# Directions
Pictures excluded, output the lines of the data below between the one holding "United Pacific 10047" and the one holding "Leider hat sich", inclusive, exactly as they stand.

# Data for analysis

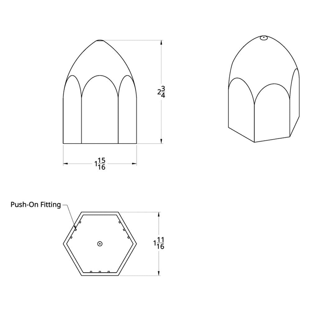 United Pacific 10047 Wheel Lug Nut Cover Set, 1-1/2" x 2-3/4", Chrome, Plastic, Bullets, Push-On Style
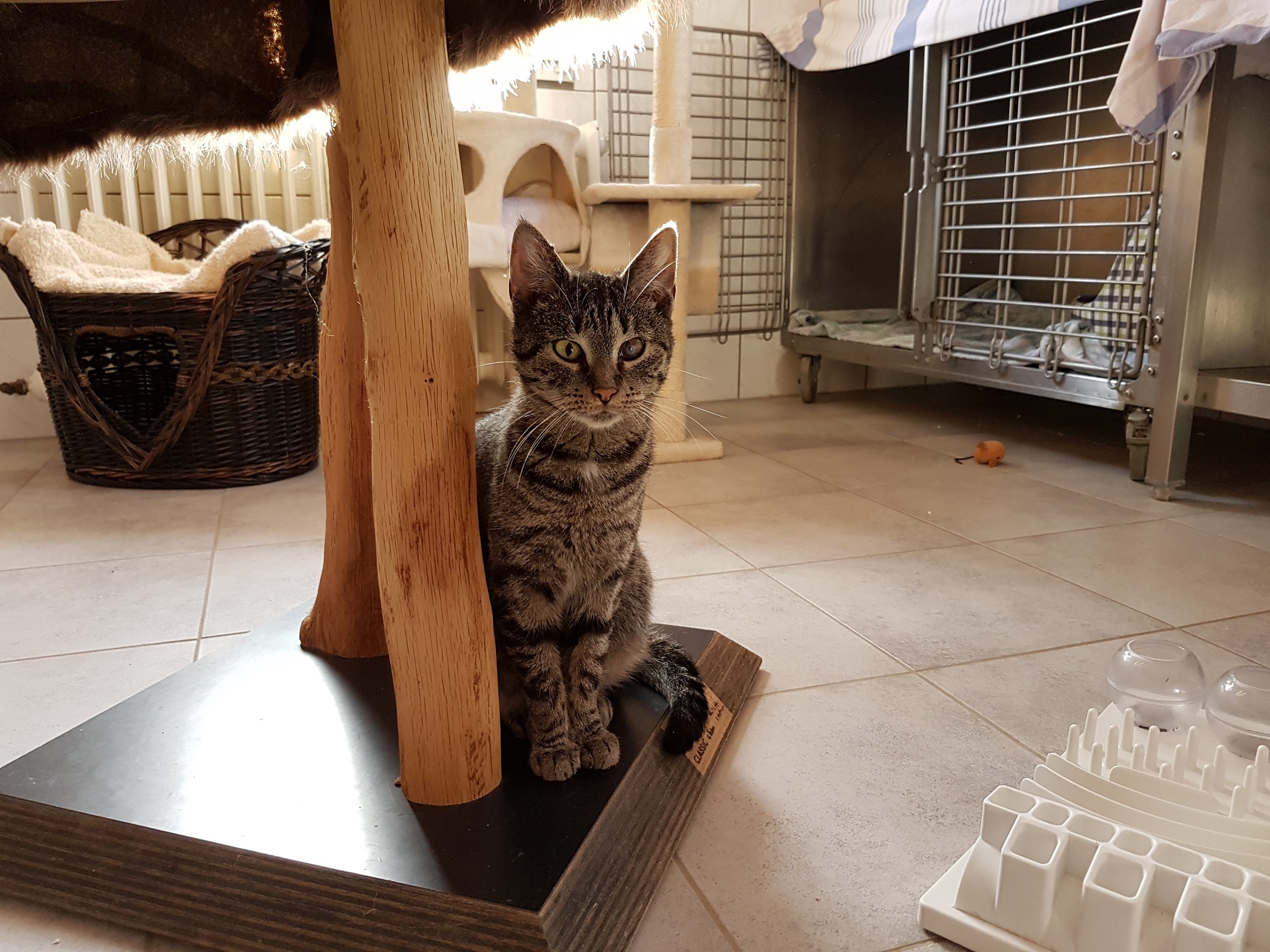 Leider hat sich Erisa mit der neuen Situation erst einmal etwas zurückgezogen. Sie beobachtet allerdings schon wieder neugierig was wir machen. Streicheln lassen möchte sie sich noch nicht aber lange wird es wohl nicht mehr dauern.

---

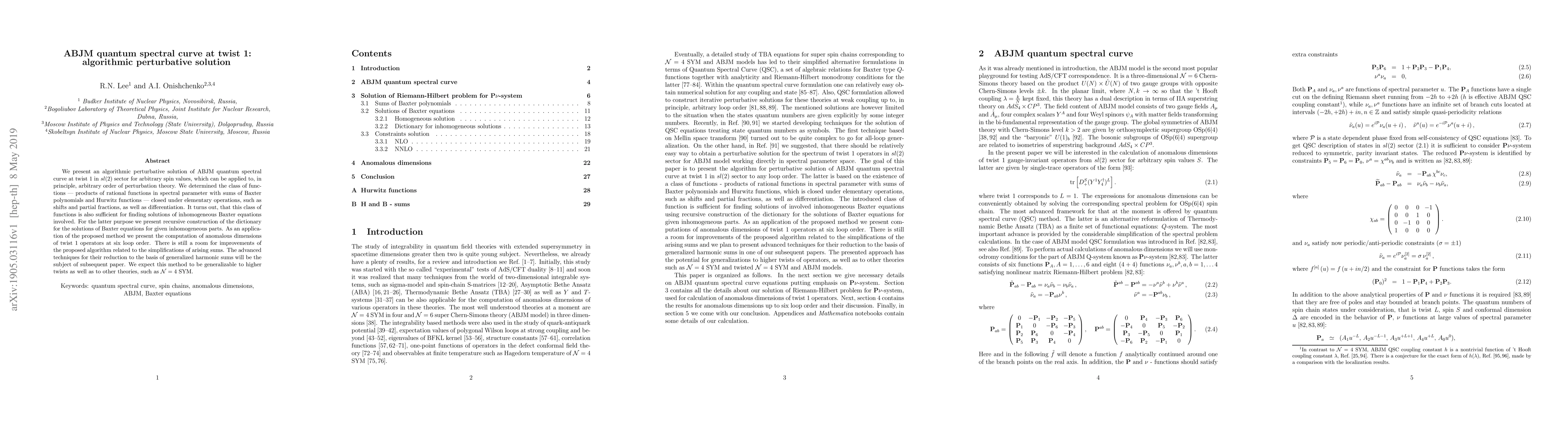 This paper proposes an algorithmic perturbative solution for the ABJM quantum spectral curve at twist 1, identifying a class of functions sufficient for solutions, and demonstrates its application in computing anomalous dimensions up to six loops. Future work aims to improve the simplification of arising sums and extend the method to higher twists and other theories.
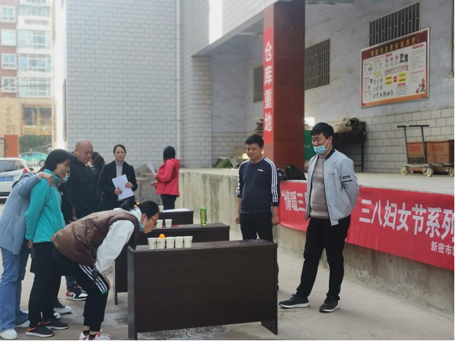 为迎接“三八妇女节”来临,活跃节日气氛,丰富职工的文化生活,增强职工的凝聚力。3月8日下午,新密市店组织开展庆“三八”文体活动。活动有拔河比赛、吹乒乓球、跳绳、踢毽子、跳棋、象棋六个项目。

# Exercise answer
 United Pacific 10047 Wheel Lug Nut Cover Set, 1-1/2" x 2-3/4", Chrome, Plastic, Bullets, Push-On Style
 Leider hat sich Erisa mit der neuen Situation erst einmal etwas zurückgezogen. Sie beobachtet allerdings schon wieder neugierig was wir machen. Streicheln lassen möchte sie sich noch nicht aber lange wird es wohl nicht mehr dauern.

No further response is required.